Calciumδ44CaFractionationIsotopeSoilVegetation

Introduction

There have been numerous reports recently indicating wide-spread soil Ca decline in terrestrial ecosystems in North America and Europe (Lawrence et al. 1997; Jandl et al. 2004; Bailey et al. 2005; Watmough et al. 2005). Reduced Ca availability has been linked to sugar maple (Acer saccharum) and red spruce (Picea rubens) declines in the Northeast U.S. (Lawrence et al. 1997; Bailey et al. 2004; Juice et al. 2006), decreased avian nesting success associated with reduced mollusk populations (Graveland and Van der Wal 1996), and slow recovery of acidified lakes (Driscoll et al. 2003; Sullivan et al. 2006). Because of the important ecological roles of Ca and potential consequences of its continued depletion, it is critical to understand Ca cycling pathways in order to identify sensitive ecosystems, minimize further losses of Ca, and evaluate potential mitigation strategies.

Most of the Ca in a temperate forested ecosystem is located in the mineral soil and forest floor with a relatively small fraction (<5%) being available for plant uptake (Likens et al. 1998). Calcium uptake in plant roots can be influenced by variables including: (1) water influx driven by transpiration (Bangerth 1979), (2) root structure associated with cation binding sites and membrane Ca channels (White 1998), and (3) root associations with ectomycorrhizal fungi (Blum et al. 2002; Wallander et al. 2006). Calcium requirements can also vary by species. Sugar maple and American basswood (Tilia americana) are relatively demanding for base cations including Ca and Mg (Fujinuma et al. 2005; Page and Mitchell 2008b) while American beech (Fagus grandifolia) is generally regarded to be less sensitive to growth on sites with reduced soil Ca concentrations (Duchesne et al. 2005). Due to the relatively low mobility of Ca associated with pectate, oxalate, or other binding sites within trees, most of the Ca cycling occurs through litterfall, mineralization, and subsequent re-uptake from the soil (Likens et al. 1998).

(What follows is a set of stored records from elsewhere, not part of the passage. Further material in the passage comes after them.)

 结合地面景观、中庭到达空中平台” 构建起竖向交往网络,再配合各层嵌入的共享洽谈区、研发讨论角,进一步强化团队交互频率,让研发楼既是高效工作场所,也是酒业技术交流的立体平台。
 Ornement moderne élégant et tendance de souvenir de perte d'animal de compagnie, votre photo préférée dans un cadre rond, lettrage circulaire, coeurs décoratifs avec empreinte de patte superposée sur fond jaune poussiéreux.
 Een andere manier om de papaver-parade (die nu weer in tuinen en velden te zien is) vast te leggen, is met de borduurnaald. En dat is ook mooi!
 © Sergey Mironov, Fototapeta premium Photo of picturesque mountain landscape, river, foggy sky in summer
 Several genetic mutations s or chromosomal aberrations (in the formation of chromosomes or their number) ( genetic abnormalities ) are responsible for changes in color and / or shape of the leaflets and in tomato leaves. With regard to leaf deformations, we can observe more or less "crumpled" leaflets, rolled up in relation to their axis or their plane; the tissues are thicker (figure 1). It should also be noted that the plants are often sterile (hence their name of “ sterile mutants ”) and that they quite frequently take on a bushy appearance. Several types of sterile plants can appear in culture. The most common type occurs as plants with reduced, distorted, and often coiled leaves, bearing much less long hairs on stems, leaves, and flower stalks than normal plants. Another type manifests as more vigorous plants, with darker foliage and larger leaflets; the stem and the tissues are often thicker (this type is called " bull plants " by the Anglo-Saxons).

Potential mechanisms of Ca loss from forest ecosystems include: (1) removal of biomass through harvesting (Watmough and Dillon 2003); and (2) soil leaching resulting from acidic deposition (Fernandez et al. 2003), continued export of previously accumulated SO42− (Gbondo-Tugbawa et al. 2002; Likens et al. 2002; Driscoll et al. 2003) or from other mobile anions formed from biotic processes in the soil including respiration (HCO3) and nitrification (NO3) (Tomlinson 2003; Page and Mitchell 2008a). Increased leaching of Ca from forested sites can also coincide with site disturbances, such as those resulting from timber harvesting (Likens et al. 1998). In addition to reduced Ca concentrations resulting from ecosystem export, declines in soil Ca may also be attributed to decreased atmospheric deposition of base cations (Hedin et al. 1994; Likens et al. 1998). While some Ca loss from a forested ecosystem is expected due to natural metabolic and aging processes (Ulrich and Matzner 1986), the accelerated rate at which current losses have been reported is cause for concern.

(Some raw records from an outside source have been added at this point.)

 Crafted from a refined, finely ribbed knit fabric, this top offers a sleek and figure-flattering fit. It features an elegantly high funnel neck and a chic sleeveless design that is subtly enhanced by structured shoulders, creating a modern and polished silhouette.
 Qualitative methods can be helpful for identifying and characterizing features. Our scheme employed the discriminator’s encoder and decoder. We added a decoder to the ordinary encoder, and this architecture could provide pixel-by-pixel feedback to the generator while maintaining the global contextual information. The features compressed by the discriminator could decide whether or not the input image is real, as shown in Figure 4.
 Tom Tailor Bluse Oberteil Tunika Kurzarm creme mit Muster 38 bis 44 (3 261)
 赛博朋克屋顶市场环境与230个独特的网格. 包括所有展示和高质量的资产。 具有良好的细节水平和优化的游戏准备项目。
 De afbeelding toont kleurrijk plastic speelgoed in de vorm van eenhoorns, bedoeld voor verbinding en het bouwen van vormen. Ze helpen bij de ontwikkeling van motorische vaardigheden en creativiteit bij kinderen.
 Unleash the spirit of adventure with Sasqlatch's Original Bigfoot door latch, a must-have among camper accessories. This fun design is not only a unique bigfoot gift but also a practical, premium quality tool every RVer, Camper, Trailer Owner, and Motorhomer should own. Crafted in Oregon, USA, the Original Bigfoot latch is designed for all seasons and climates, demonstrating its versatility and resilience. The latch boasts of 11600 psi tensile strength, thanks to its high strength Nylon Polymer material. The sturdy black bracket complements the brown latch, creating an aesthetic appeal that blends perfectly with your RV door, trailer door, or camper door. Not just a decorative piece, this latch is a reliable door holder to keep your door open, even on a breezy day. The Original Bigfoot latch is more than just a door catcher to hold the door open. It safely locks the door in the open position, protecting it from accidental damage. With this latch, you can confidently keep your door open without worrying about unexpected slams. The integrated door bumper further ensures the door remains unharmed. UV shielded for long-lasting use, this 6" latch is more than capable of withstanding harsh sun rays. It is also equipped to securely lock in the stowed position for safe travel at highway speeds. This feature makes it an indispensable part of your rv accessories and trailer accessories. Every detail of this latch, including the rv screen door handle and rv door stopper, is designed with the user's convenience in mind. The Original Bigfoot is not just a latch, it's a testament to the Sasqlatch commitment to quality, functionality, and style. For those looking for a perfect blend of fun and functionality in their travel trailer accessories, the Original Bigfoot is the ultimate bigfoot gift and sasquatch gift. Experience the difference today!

Stable isotopes are increasingly being used to study the biogeochemical cycling of numerous elements including H, C, N, O, and S. The research utility of these isotope systems arises from measurable fractionation whereby certain biotic and abiotic processes discriminate against either heavier or lighter isotopes of an element. For example, during biological processing of these elements, organisms generally tend to favor the utilization of the lighter isotope from an energetic standpoint (Kendall and Caldwell 1998). In contrast, during abiotic processing of these elements, solids or more tightly bound phases tend to contain heavier isotopes of these elements relative to the coexisting aqueous phase (Hoefs 2004). On the other hand, metals can be either lighter (e.g., Ca; DePaolo 2004) or heavier (e.g., Mg; Tipper et al. 2006) in the solid phase relative to the coexisting aqueous phase due to a variety of bonding considerations. Finally, some elements such as Sr can be used as tracers due to their long-lived radiogenic characteristics that are considered to be stable on the time scale of ecosystem processes (Bailey et al. 1996; Blum et al. 2000; Bullen and Bailey 2005).

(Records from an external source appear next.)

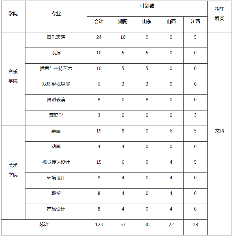 音樂學院各招生專業在湖南、山東設校考,美術學院各招生專業在湖南、山西設???,江西省不設校考,認可當地省統考成績。校考科目及要求如下:
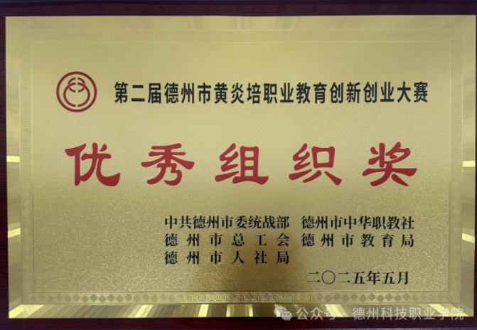 近日,由中共德州市委统战部、德州市中华职业教育社、德州市总工会等部门联合主办的第二届德州市黄炎培职业教育创新创业大赛圆满落下帷幕。经过校内选拔赛、市级复赛、市级决赛的层层筛选和激烈角逐,学校参赛师生团队凭借扎实技能与卓越表现,斩获学生组一等奖3 项 、二等奖 4 项、三等奖 14 项,教师组二等奖2 项、三等奖2项。学校同时荣获“优秀组织奖”,彰显了出色的赛事组织工作和学生培养成效。
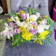 Корзина белых и розовых тюльпанов
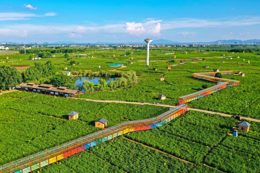 大大小小的茶园之中,中华茉莉园是欣赏茉莉花海景观的绝佳地方。极目望去,万亩花海,碧绿连天,朵朵洁白的茉莉花点缀于绿叶之中。游客们蹲在垄边细看,摘下几朵戴在头上,或采集鲜花,走到近旁歇脚的廊桥上,与当地姑娘一起体验制作茉莉花绣球、花环的乐趣。
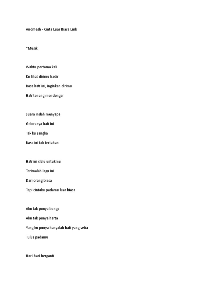 Lirik Lagu Cinta Luar Biasa Andmesh Kamaleng Wattpad
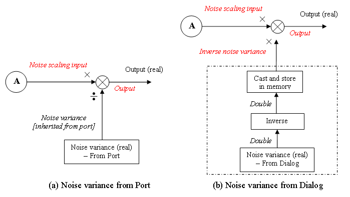 Если для параметра источника дисперсии шума задано значение Dialog, выходные данные являются результатом работы изделия, как показано на схеме последовательности операций сигналов режимов изменения шума и сигнала с фиксированной точкой для примерного режима LLR: режимов работы с отклонением шума. В этом случае оно следует внутреннему правилу для типов данных продукта, указанному в подразделе Inherit via Internal Rule Руководства пользователя DSP System Toolbox.
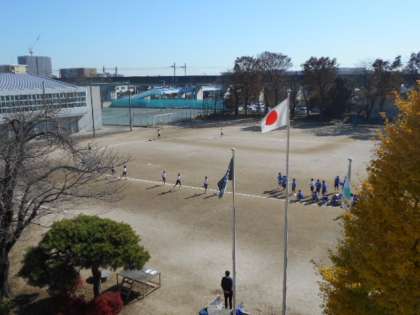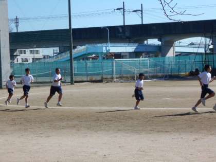 リレーの学習で、トッラクをスピードやタイムを考えながら一生懸命走っていました。

While fractionation of atoms involved in covalent bonding, such as oxygen and hydrogen, can be affected by phase changes and equilibrium reactions (Kendall and Caldwell 1998), the fractionation of Ca results largely from kinetic processes related to reaction rate, solution saturation state, and perhaps ion hydration (e.g., Gussone et al. 2003; LeMarchand et al. 2004). Along food chains, for example, Ca isotopes are fractionated largely through biotic processes which result in progressively lighter isotopic compositions when advancing up the food chain (Skulan et al. 1997). Wiegand et al. (2005) reported that within Ohia trees (Metrosideros polymorpha) sampled along a chronosequence in Hawaii, 44Ca/40Ca ratios were generally the least in the roots and greatest in the foliage; progressively increasing up the transpiration stream. Using stable Ca isotope ratios, Perakis et al. (2006) suggested that lesser 44Ca/40Ca ratios in surface soils relative to those in deeper soils in Douglas-fir (Pseudotsuga menziesii) dominated forest sites in Oregon indicated that recycling of isotopically light Ca derived from decaying litter was occurring to meet Ca nutrition demands of the trees.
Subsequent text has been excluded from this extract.